One more thing on the list. But tonight, we were ticking a big one off and I was excited.
I walked in to the restaurant, nodded at Jackson and sat down in front of the test dish. The pretty line cook stood in front of us both with a pleased little grin.
I glanced at Jackson. He raised his eyebrow noncommittally. I gave a small nod in return and bent over the plate in front of me.
It was delicious. Every bite a delicately composed symphony of taste. The more I ate, the more I stared at her. She gave a smug grin in return. She was good and she knew it.
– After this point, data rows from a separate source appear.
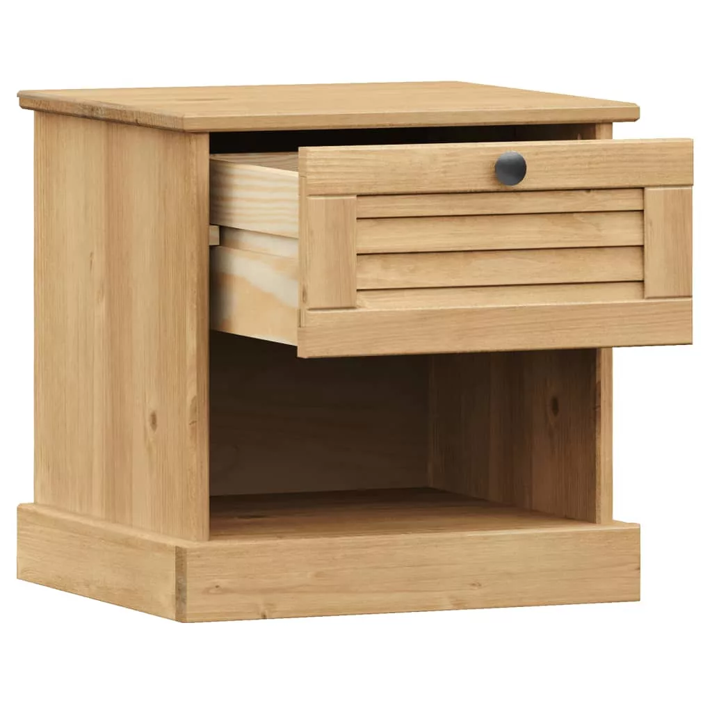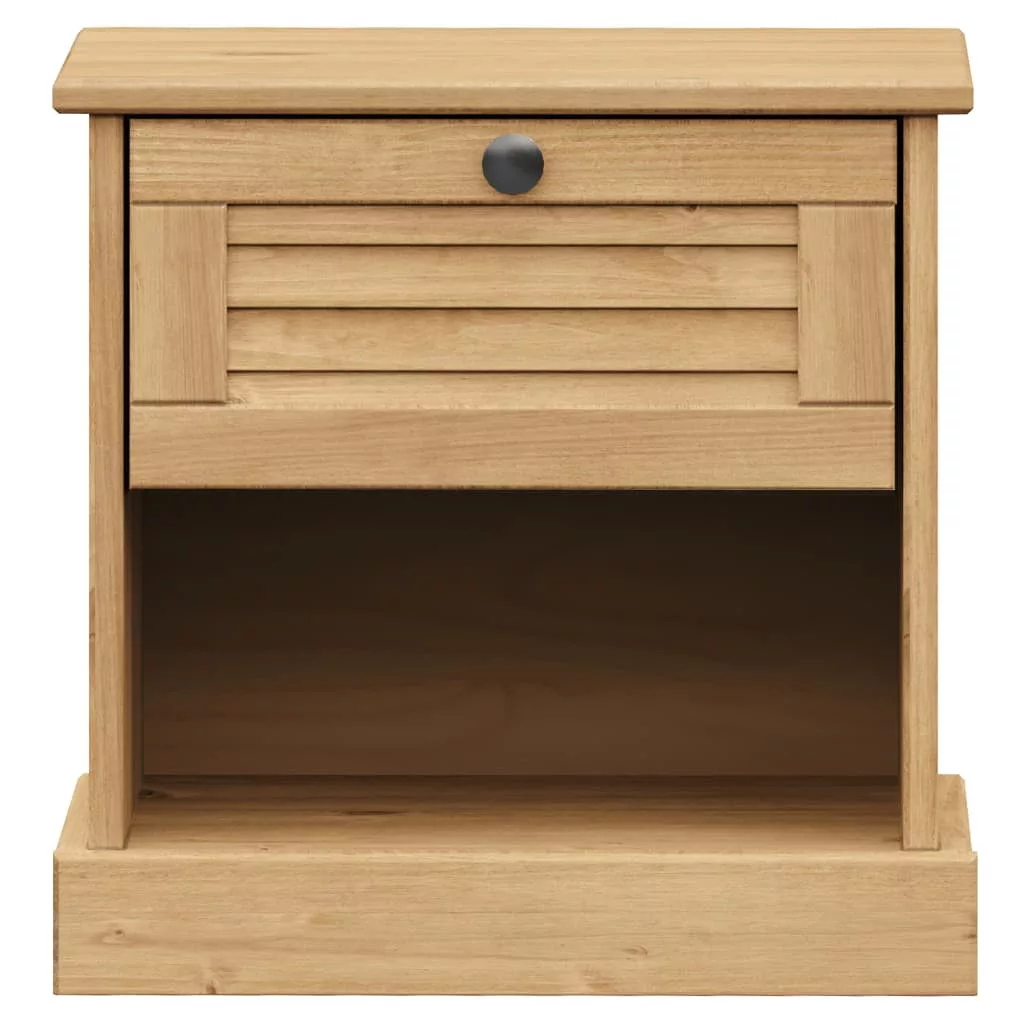 Ez a fából készült, stílusos dizájnnal ellátott éjjeliszekrény könnyen illeszkedik hálószobájába vagy nappalijába, és időtlen bájt kölcsönöz a belső térnek. Tömör fenyőfa: A tömör fenyőfa egy gyönyörű természetes anyag. A fenyőfa egyenes erezetű, a csomók pedig jellegzetes, rusztikus megjelenést biztosítanak az anyagnak. A tömör fenyőfából készült éjjeliszekrény strapabíró és masszív.Bőséges tárolóhely: Az éjjeliszekrény kényelmes fiókkal és rekesszel rendelkezik, így elérhető közelségben tarthatja a legfontosabb dolgokat.Könnyen karbantartható: Az éjjeliszekrény könnyen tisztítható nedves ruhával, és kevesebb karbantartást igényel.Fémgomb: Az ágy mellé tehető kis szekrény fémgombbal van ellátva, amely megkönnyíti a szekrény nyitását és zárását, miközben extra szépséget ad hozzá.
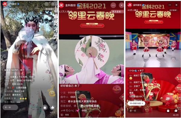 金科積極響應(yīng)政府號召,也深度洞察人們對團(tuán)圓的期盼,2月5日,集團(tuán)品牌統(tǒng)籌舉辦了“金科2021鄰里云春晚”。通過一場鄰里春晚直播,打破了疫情防控常態(tài)化下的空間壁壘,讓全國百萬業(yè)主實(shí)現(xiàn)線上團(tuán)圓。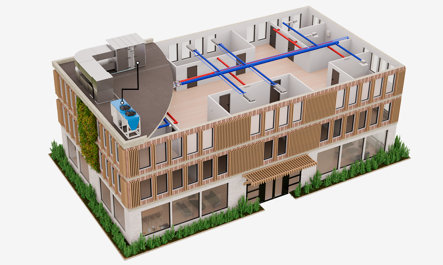 Complete system solution with ventilation, cooling, heating and energy optimisation.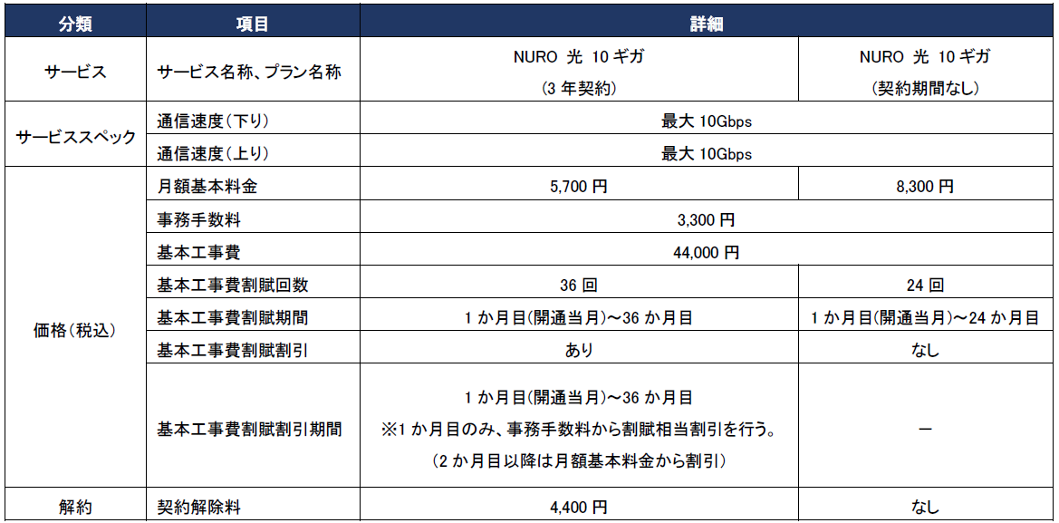 広島県においては、2021年よりNURO 光 2ギガプランを提供してきました。このたび新たに、NURO 光 10ギガの提供を開始し、最大通信速度が上り/下りともに10Gbpsの高速・大容量サービスをリーズナブルな価格で提供します。一例として、NURO 光 10ギガ(3年契約)プランの場合、月額基本料金は5,700円です。また、初年度の月額基本料金が980円となる特典なども適用します。
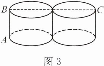 【问题解决】(3)如图3是紧密排列在一起的两个相同的圆柱,高为5cm。当蚂蚁从点A出发沿圆柱表面爬行到点C的两条路线长度相等时,求圆柱的底面半径r。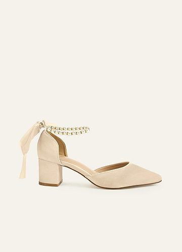 Escarpins à bout pointu en satin mat de couleur assortie avec perles et nœud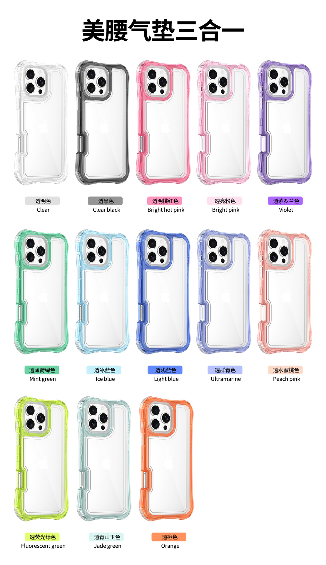 Aiwei의 새로운 남미 국경 간 인기 판매 IP 16 Pro max 아름다운 허리 3-in-1 에어 쿠션 360 낙하 방지 휴대폰 케이스스토어 가기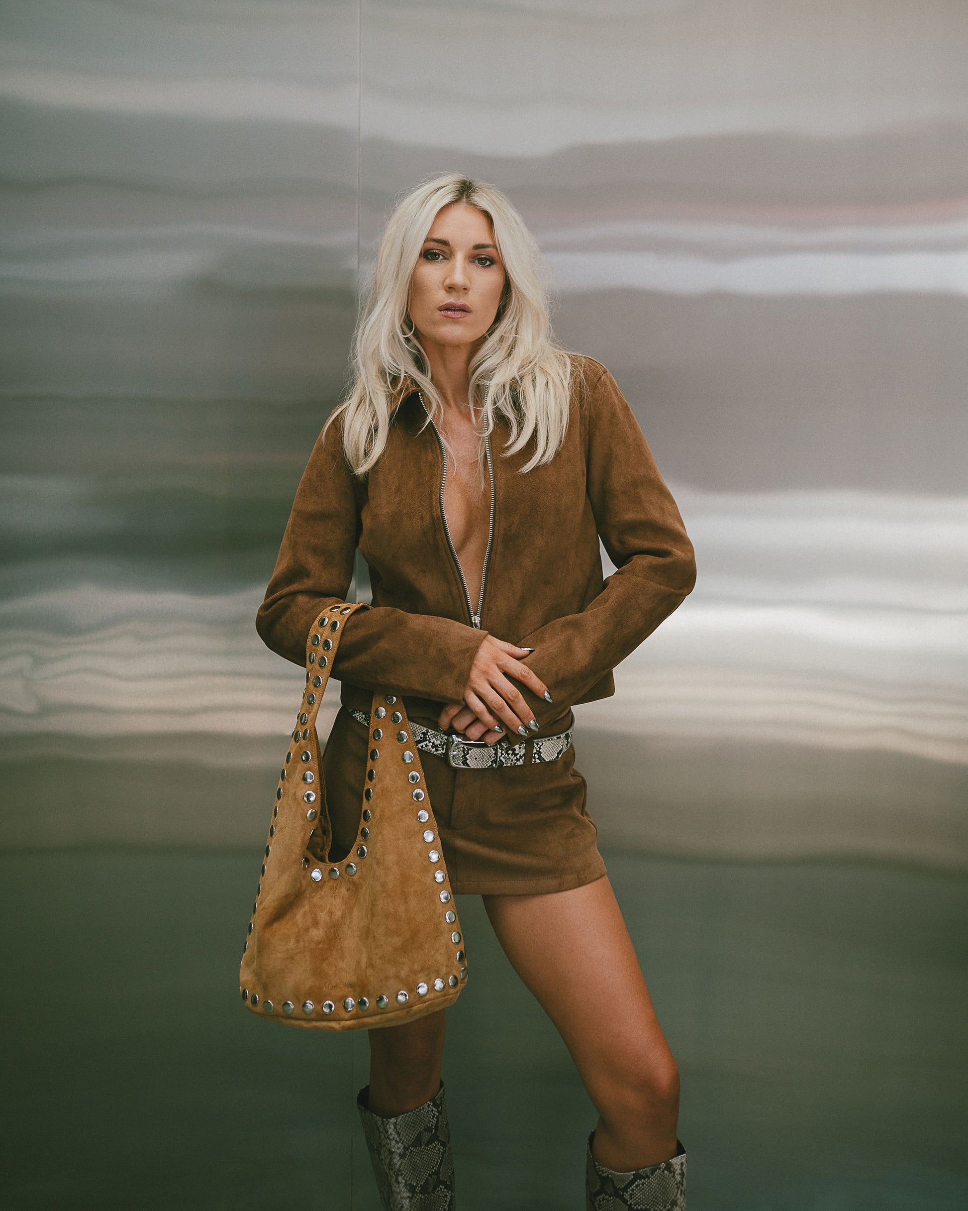 The Kate Studded Slouch Bag is your everyday statement effortlessly soft with just the right amount of edge. Made from rich tobacco suede, it features oversized silver eyelets hand-set along the seams, adding a bold, industrial contrast to its relaxed silhouette.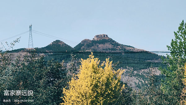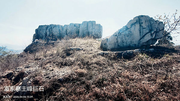 富家寨,当地人称“大寨”,位于山东省临沂市蒙阴县城东南11公里,云蒙湖西南3公里处的桃墟镇驻地以西,属蒙山山系。《蒙阴县地名志》(1983)记载:“富家寨,位于桃墟公社驻地西2.8公里,海拔606.8米,面积1平方公里。因富姓在此筑有山寨,故名富家寨。” 经中国崮文化网组织人员实地考察,认定富家寨是一座崮。2026年4月6日,我专程去探访富家寨。沿着曲折的村村通水泥路,将车停在大李家林村东一户人家门口,向站在门口的大爷、大娘问路后,沿着村东小路,朝着崮北侧的一道山梁走去。疏林荒草间有小路,两侧多软枣树,枝头已生新芽,抬头望去,红中泛黄,舒张如婴孩的小手,和初生的香椿芽差不多。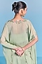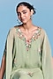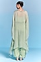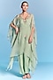 Kalista presents a mint green kaftan in organza base with sequins and thread embroidery. It is paired with an inner and viscose pants. Elevate with metallic heels, subtle gold accessories, and soft curls for effortless grace, perfect for intimate get-togethers, rakhi celebrations, or low-key festive evenings.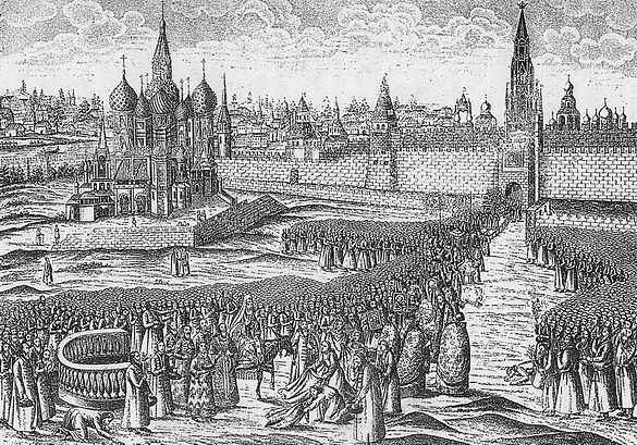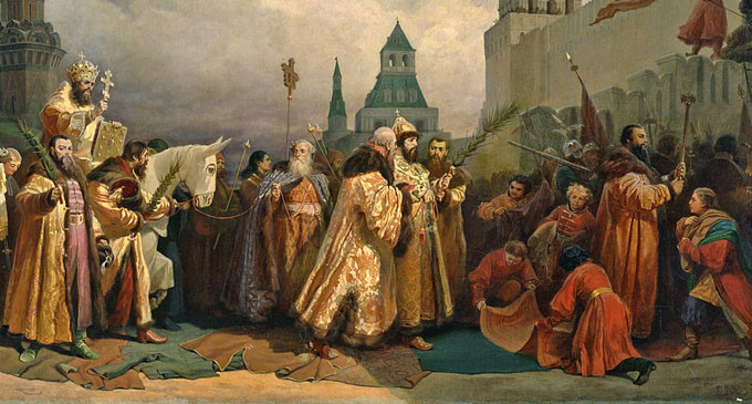 В XVI веке в России появилась оригинальная традиция шествия на осляти, которая являлась подражанием и воспоминанием о входе Господа в Иерусалим. В Москве шествие изначально совершалось только в Кремле (как правило, около соборов), а с XVII века оно уже выходило за Спасские ворота по направлению к храму Василия Блаженного. До нас дошло описание шествия на осляти второй половины XVII столетия.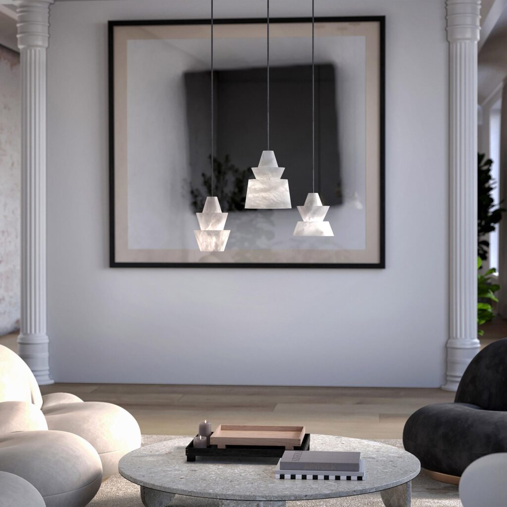 The Chamont Lavalier is machined by hand from solid brass. The round rods of the two arms transform seamlessly into its square spine at each corner. A lead crystal cylinder, with hand carved details, sits along the spine.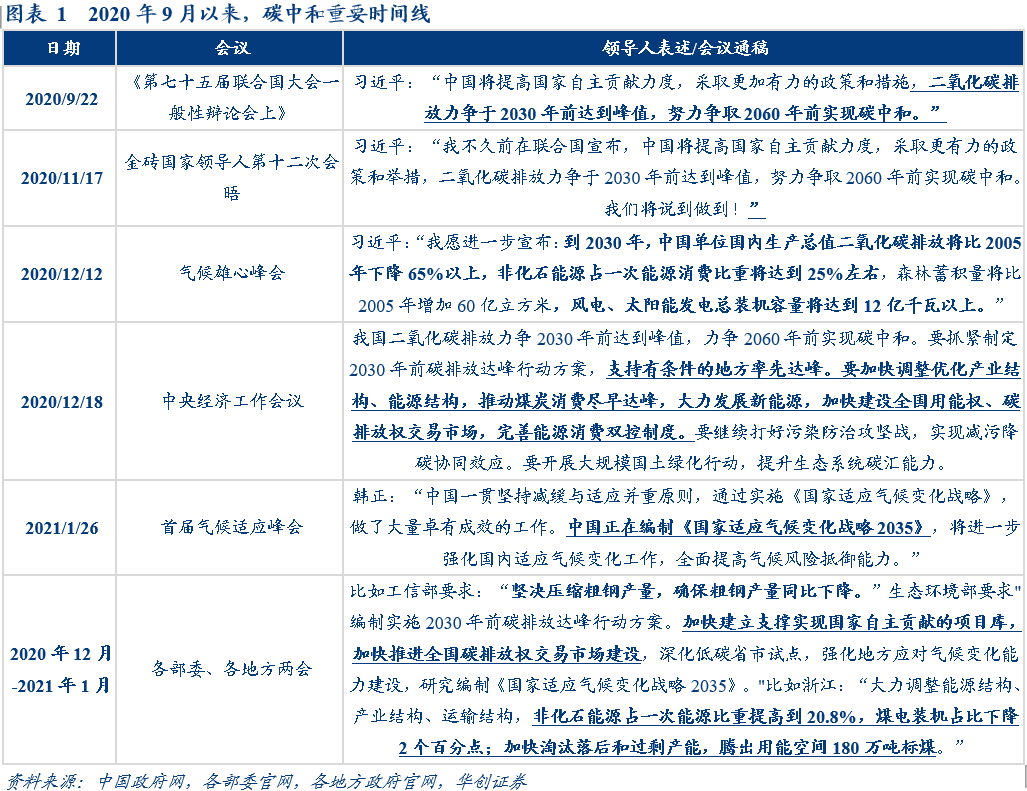 2020年9月22日,总书记提出“二氧化碳排放力争于2030年前达到峰值,努力争取2060年前实现碳中和”。2020年12月16-18日召开的中央经济工作会议上对碳达峰、碳中和予以部署。2020年12月下旬-2021年1月,各部委年度工作会议、各地方政府两会对碳达峰、碳中和作出针对性工作安排。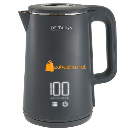 Чайник DELTA LUX DE-1023, ДВОЙНОЙ КОРПУС, LCD дисплей, 5 режимов, 1,8 л, 2000 Вт, серый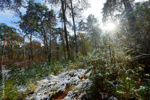 Fototapeta premium Snowy weather in the Apremont gorges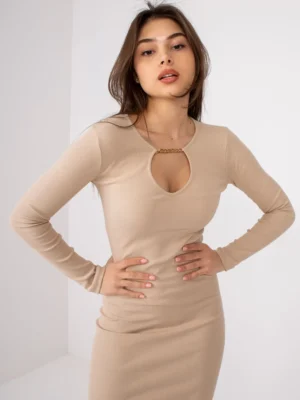 O alegere ideală pentru ocazii: rochie midi bej, confortabilă și elegantă. Perfectă pentru a străluci în momente speciale.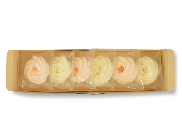 【内容】メレンゲピスタチオ×3個、メレンゲオレンジ×3個【BOXサイズ】縦7cm×横26cm×高さ5cm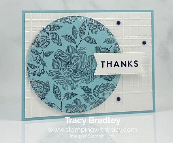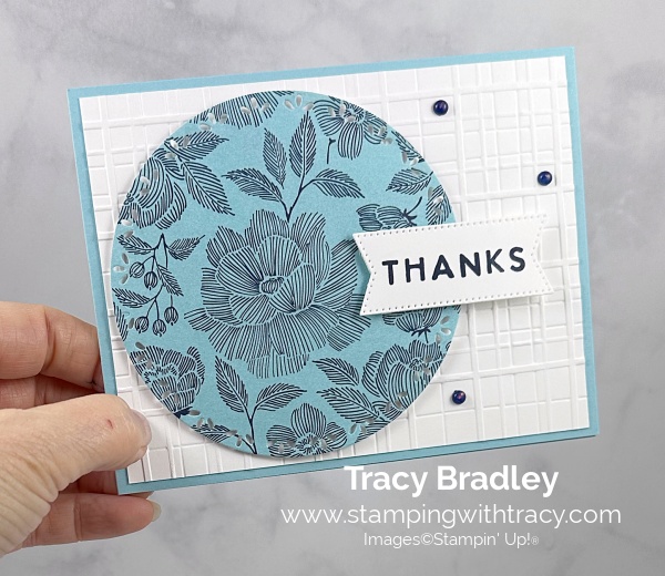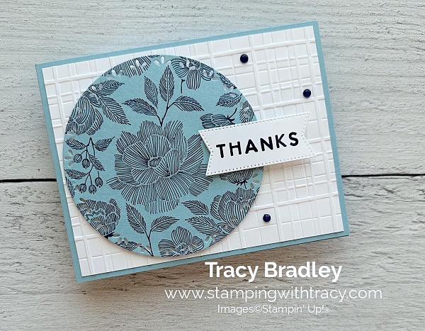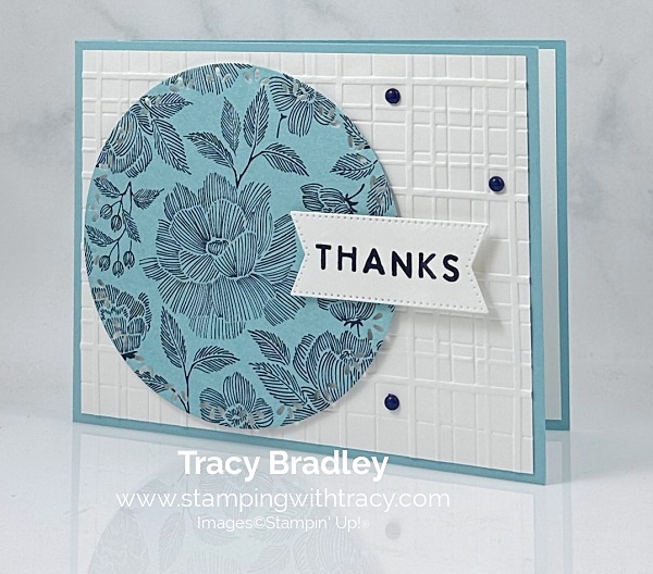 I’m sharing another card using the Product of the Month for December – True Blue Florals Designer Series Paper. I also used the Sunshine Vibes Stamp Set, Spotlight on Nature Dies (an Online Exclusive), Forever Plaid 3D Embossing Folder, Stylish Shapes Dies and Opal Rounds Assortment.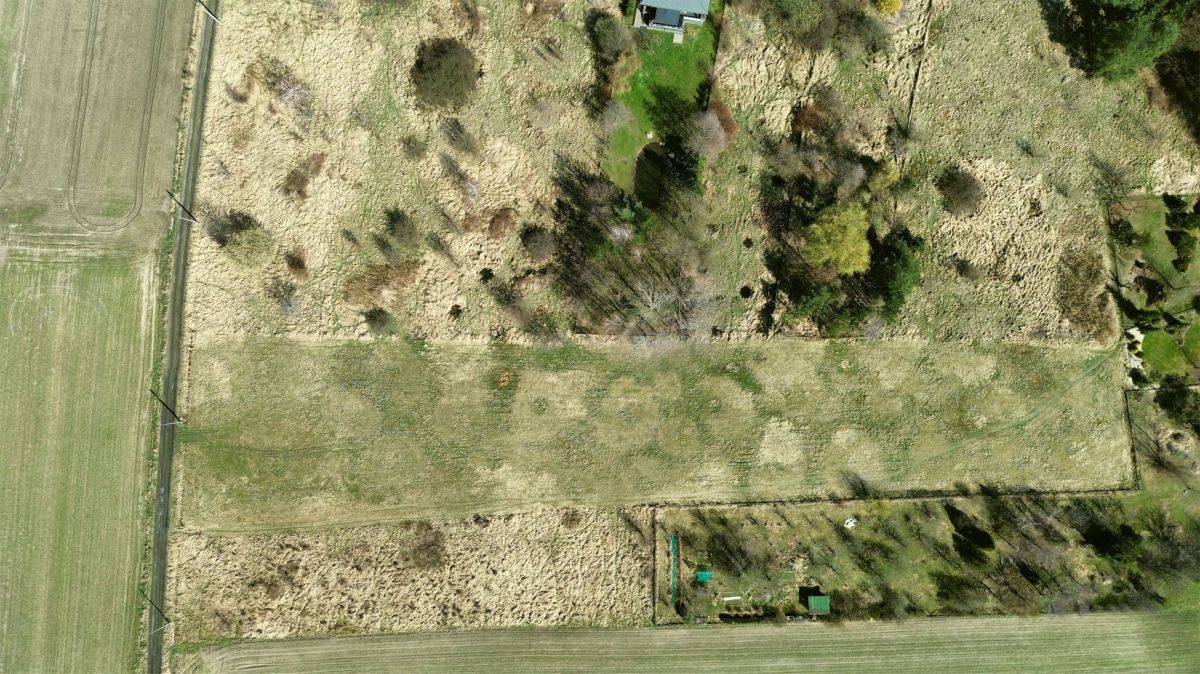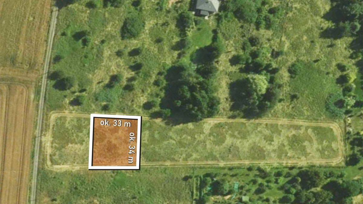 Działka ma kształt niemal kwadratowy, o wymiarach ok. 33 m × 34 m, co pozwala na swobodną aranżację ogrodu i budowę domu zgodnie z własnymi planami.

Could she be the one? After all this time? My breath was coming in short gasps now, like I'd run a marathon, and in a way, I sort of had. But maybe, just maybe it was coming to an end? Was the finish line in sight?
"What do you think?" she asked, a glimmer of hesitation in her voice that made me clench my fist. How could she wonder when it was so obvious? She was it, she was the one, she was...
"...Not working for me, sorry," Jackson sniffed.
I twisted in my chair to glare at him. "Are you fucking kidding me?" I hissed, throwing my napkin down and gesturing at his full plate. "You've had one bite!"
But Jackson was already pushing his chair back from the table, the elegantly plated remains of the test dish sitting in front of him, barely touched. Frantic hope was still coursing through my veins, but it ebbed away when I looked at the stubborn set of his jaw.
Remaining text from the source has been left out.